• _Requirement_: Please repeat the listing below exactly, but do not include its pictures.

• _Provided material_:
- - - - -
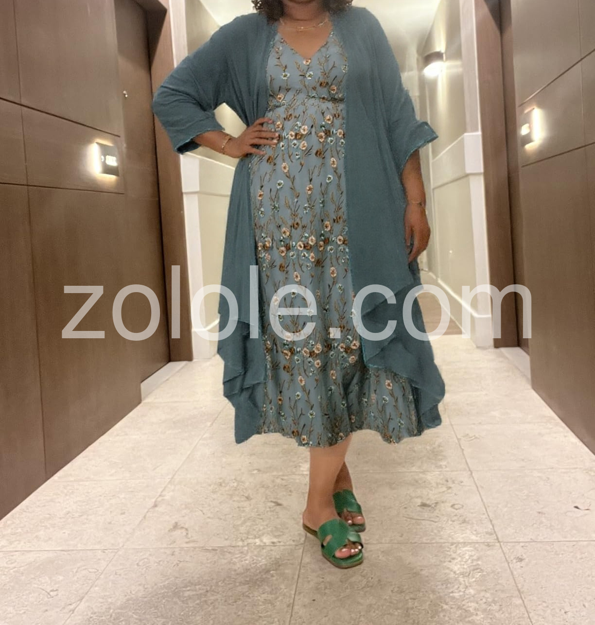 Youthful Ditsy Floral Print Maxi Dress With Thin Jacket Two Piece Outfits
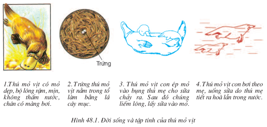 | Thú mỏ vịt | Nước ngọt | Chi có màng bơi | Đi trên cạn, bơi trong nước | Đẻ trứng | Bình thường | Chưa có vú, chỉ có tuyến sữa | Liếm sữa bám trên lông mẹ hoặc uống sữa hòa tan trong nước |
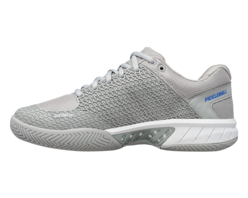 K-Swiss is the first brand to introduce a court shoe specifically designed for Pickleball, one of the fastest growing sports in the United States. The Express Light Pickleball was created to give players a comfortable, lightweight, breathable shoe that supports on-court movement and performance needed for the sport. It is an all-around shoe, perfect for the new or frequent player. Included on the shoe is a K-Swiss Pickleball logo and customized Pickleball sockliner. Ideal for hard court or clay court playing surfaces.
- - - - -
• _Response_:
 Youthful Ditsy Floral Print Maxi Dress With Thin Jacket Two Piece Outfits
 | Thú mỏ vịt | Nước ngọt | Chi có màng bơi | Đi trên cạn, bơi trong nước | Đẻ trứng | Bình thường | Chưa có vú, chỉ có tuyến sữa | Liếm sữa bám trên lông mẹ hoặc uống sữa hòa tan trong nước |
 K-Swiss is the first brand to introduce a court shoe specifically designed for Pickleball, one of the fastest growing sports in the United States. The Express Light Pickleball was created to give players a comfortable, lightweight, breathable shoe that supports on-court movement and performance needed for the sport. It is an all-around shoe, perfect for the new or frequent player. Included on the shoe is a K-Swiss Pickleball logo and customized Pickleball sockliner. Ideal for hard court or clay court playing surfaces.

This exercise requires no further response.